We need to specify a Parser_Firstline parameter that matches the first line of a multi-line event. Once a match is made Fluent Bit will read all future lines until another match with Parser_Firstline is made .

In the case above we can use the following parser, that extracts the Time as time and the remaining portion of the multiline as log

  1. [PARSER]
  2. Name multiline
  3. Format regex
  4. Regex /(?<time>Dec \d+ \d+\:\d+\:\d+)(?<message>.*)/
  5. Time_Key time
  6. Time_Format %b %d %H:%M:%S

If we want to further parse the entire event we can add additional parsers with Parser_N where N is an integer.
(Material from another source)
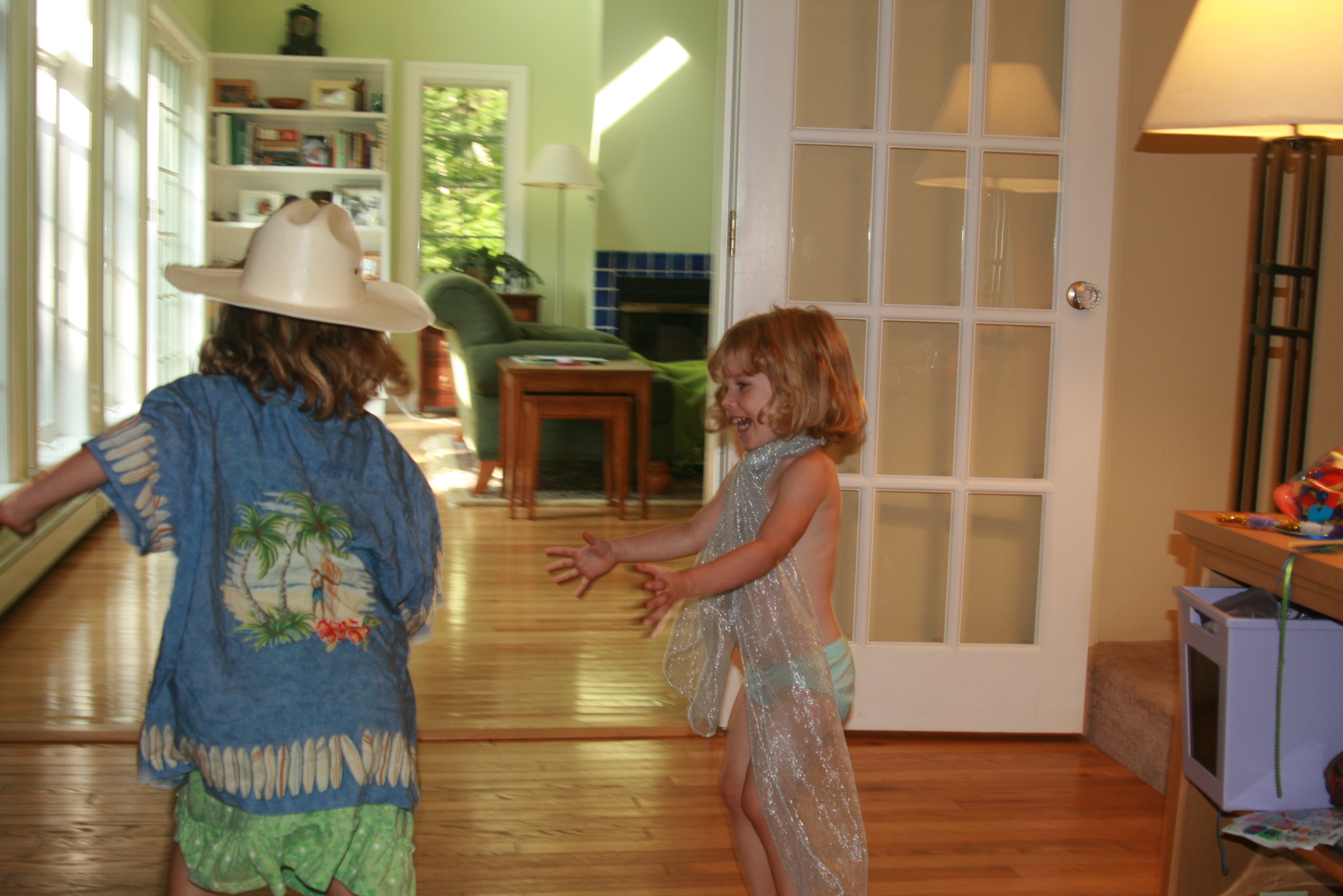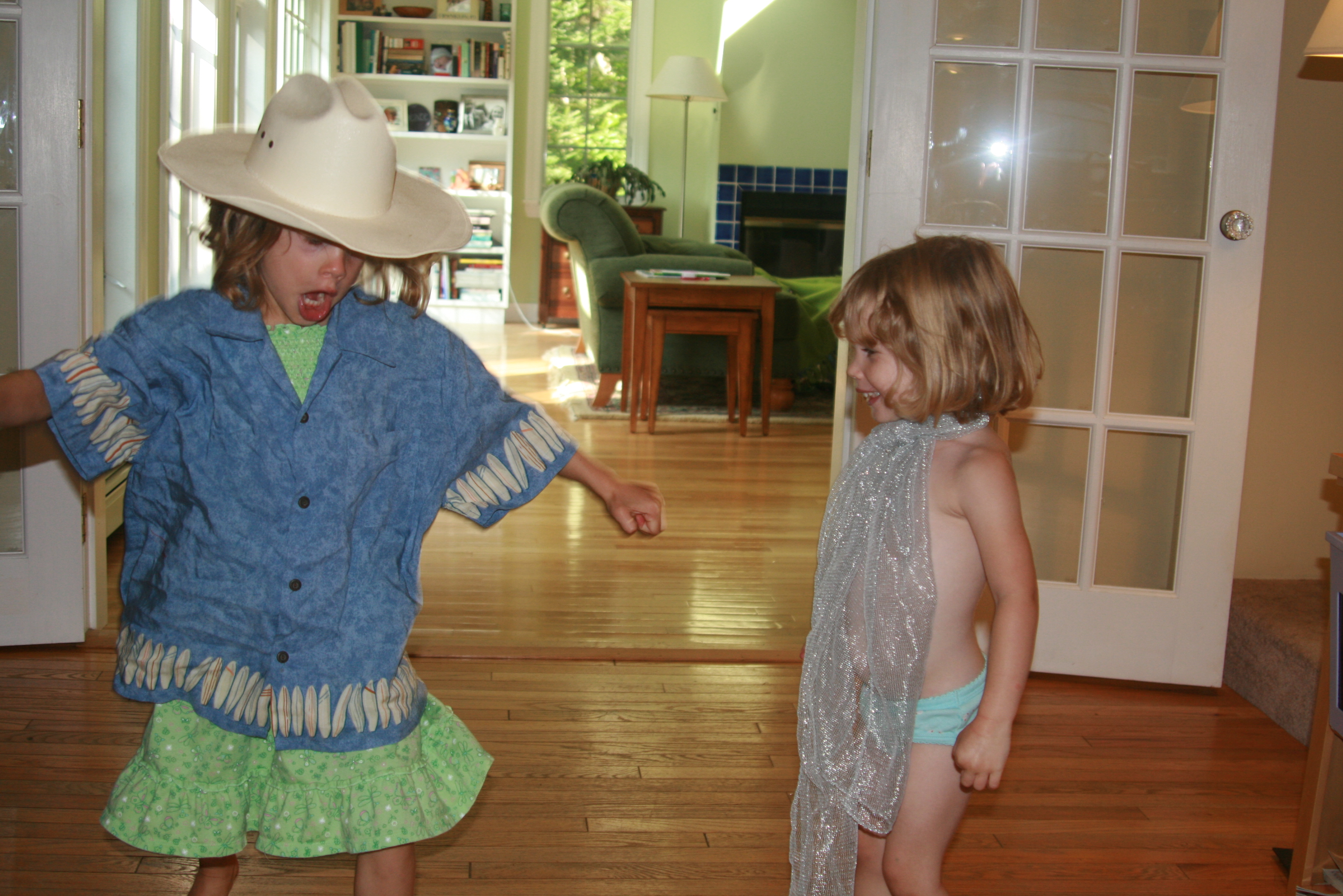 I love the creative costuming, with Tess as the shark — wearing only undies and a silver scarf. She was pretty convincing, too, gnashing her teeth and chasing after surfer Grace (who had surfboards on her shirt and was standing on a paper surfboard). I just didn't know that surfers like to wear cowboy hats.

The final Fluent Bit configuration looks like the following:

  1. # Note this is generally added to parsers.conf and referenced in [SERVICE]
  2. [PARSER]
  3. Name multiline
  4. Format regex
  5. Regex /(?<time>Dec \d+ \d+\:\d+\:\d+)(?<message>.*)/
  6. Time_Key time
  7. Time_Format %b %d %H:%M:%S
  8. [INPUT]
  9. Name tail
  10. Multiline On
  11. Parser_Multiline multiline
  12. Path /var/log/java.log
  13. [OUTPUT]
  14. Name stdout
  15. Match *

Our output will be as follows.

  1. [0] tail.0: [1607928428.466041977, {"message"=>"Exception in thread "main" java.lang.RuntimeException: Something has gone wrong, aborting!
  2. at com.myproject.module.MyProject.badMethod(MyProject.java:22)
  3. at com.myproject.module.MyProject.oneMoreMethod(MyProject.java:18)
  4. at com.myproject.module.MyProject.anotherMethod(MyProject.java:14)
  5. at com.myproject.module.MyProject.someMethod(MyProject.java:10)", "message"=>"at com.myproject.module.MyProject.main(MyProject.java:6)"}]
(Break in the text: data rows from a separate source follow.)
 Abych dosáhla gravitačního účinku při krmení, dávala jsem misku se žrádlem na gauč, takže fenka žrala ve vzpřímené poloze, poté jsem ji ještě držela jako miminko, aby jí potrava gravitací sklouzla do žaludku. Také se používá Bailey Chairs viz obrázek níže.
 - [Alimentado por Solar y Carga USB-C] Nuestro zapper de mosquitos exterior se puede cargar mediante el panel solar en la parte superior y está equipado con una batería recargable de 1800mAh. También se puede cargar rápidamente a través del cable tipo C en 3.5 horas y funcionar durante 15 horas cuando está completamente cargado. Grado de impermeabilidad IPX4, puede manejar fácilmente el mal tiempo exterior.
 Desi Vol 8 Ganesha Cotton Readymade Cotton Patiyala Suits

Tailing files keeping state

The tail input plugin a feature to save the state of the tracked files, is strongly suggested you enabled this. For this purpose the db property is available, e.g:

  1. $ fluent-bit -i tail -p path=/var/log/syslog -p db=/path/to/logs.db -o stdout

When running, the database file /path/to/logs.db will be created, this database is backed by SQLite3 so if you are interested into explore the content, you can open it with the SQLite client tool, e.g:

  1. $ sqlite3 tail.db
  2. -- Loading resources from /home/edsiper/.sqliterc
  3. SQLite version 3.14.1 2016-08-11 18:53:32
  4. Enter ".help" for usage hints.
  5. sqlite> SELECT * FROM in_tail_files;
  6. id name offset inode created
  7. ----- -------------------------------- ------------ ------------ ----------
  8. 1 /var/log/syslog 73453145 23462108 1480371857
  9. sqlite>

Make sure to explore when Fluent Bit is not hard working on the database file, otherwise you will see some Error: database is locked messages.

Formatting SQLite

By default SQLite client tool do not format the columns in a human read-way, so to explore in_tail_files table you can create a config file in ~/.sqliterc with the following content:

  1. .headers on
  2. .mode column
  3. .width 5 32 12 12 10

File Rotation

File rotation is properly handled, including logrotate’s copytruncate mode.

Note that the Path patterns cannot match the rotated files. Otherwise, the rotated file would be read again and lead to duplicate records.